Assigned task
Write the lines below out exactly, dropping each picture.

Collected material

*** Block opens ***

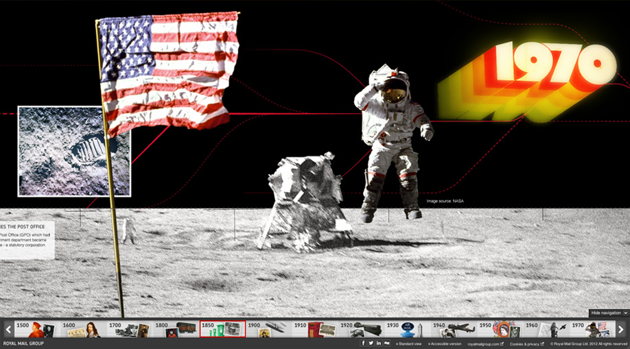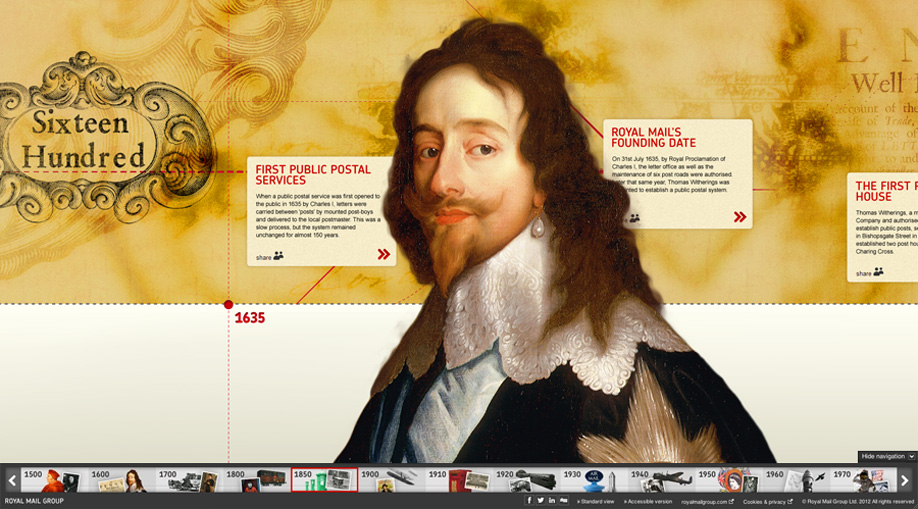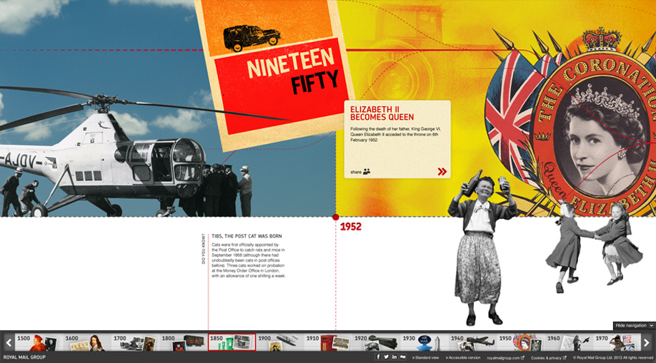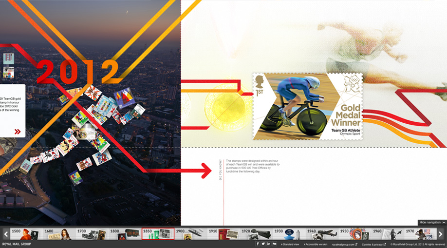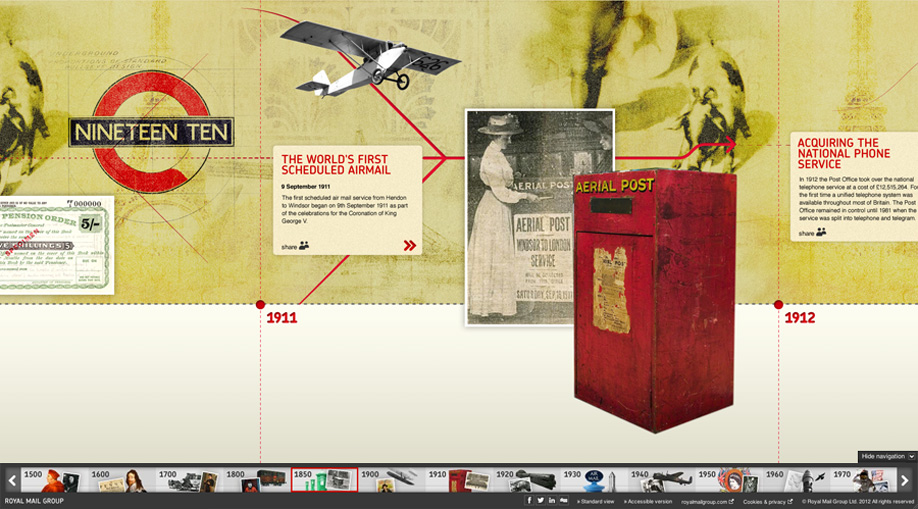 ROLES Our new website for Royal Mail filled was filled with beautifully smooth and intuitive functionality. But how could the site communicate our client’s remarkable culture of innovation in an equally engaging way? We created a rich, interactive timeline, meticulously researched and offering multiple layers of content using animation, video and audio narrative. We selected an advanced parallax technology called ‘in-parallax’ as the ideal platform to show off this multimedia experience. This has proved highly successful and the user is taken on an intriguing journey from the early 1500s through to the 2012 Olympics, with ample opportunities to stop off along the way. |
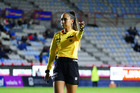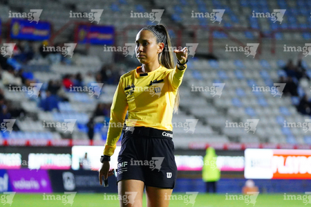 Pachuca, Hidalgo, 5 de abril de 2026. Montserrat Pérez Comellas, cuarta árbitra, durante el partido correspondiente a la jornada 16 del torneo Clausura 2026 de la Liga BBVA MX Femenil, entre las Tuzas del Pachuca y las Esmeraldas del León, realizado en el estadio Hidalgo. Foto: Imago7/ Jacqueline Pedraza
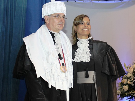 foto: Reitor, José Bites, e vice-reitora, Carla Liane, durante a posse - promessa de democracia e autonomia
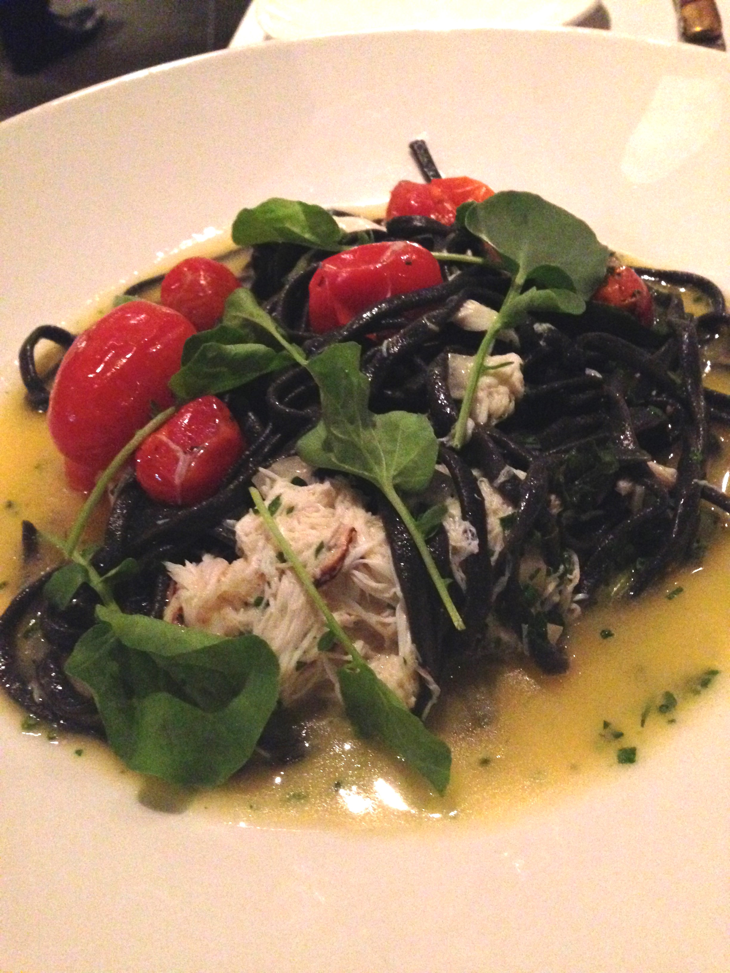Posted on March 9, 2015 by Jacqui's Food Fetish Leave a comment Blue swimmer crab, squid ink linguine, cherry tomatoes, basil & lemon

*** Block closes ***

Written solution
 ROLES Our new website for Royal Mail filled was filled with beautifully smooth and intuitive functionality. But how could the site communicate our client’s remarkable culture of innovation in an equally engaging way? We created a rich, interactive timeline, meticulously researched and offering multiple layers of content using animation, video and audio narrative. We selected an advanced parallax technology called ‘in-parallax’ as the ideal platform to show off this multimedia experience. This has proved highly successful and the user is taken on an intriguing journey from the early 1500s through to the 2012 Olympics, with ample opportunities to stop off along the way. |
 Pachuca, Hidalgo, 5 de abril de 2026. Montserrat Pérez Comellas, cuarta árbitra, durante el partido correspondiente a la jornada 16 del torneo Clausura 2026 de la Liga BBVA MX Femenil, entre las Tuzas del Pachuca y las Esmeraldas del León, realizado en el estadio Hidalgo. Foto: Imago7/ Jacqueline Pedraza
 foto: Reitor, José Bites, e vice-reitora, Carla Liane, durante a posse - promessa de democracia e autonomia
Posted on March 9, 2015 by Jacqui's Food Fetish Leave a comment Blue swimmer crab, squid ink linguine, cherry tomatoes, basil & lemon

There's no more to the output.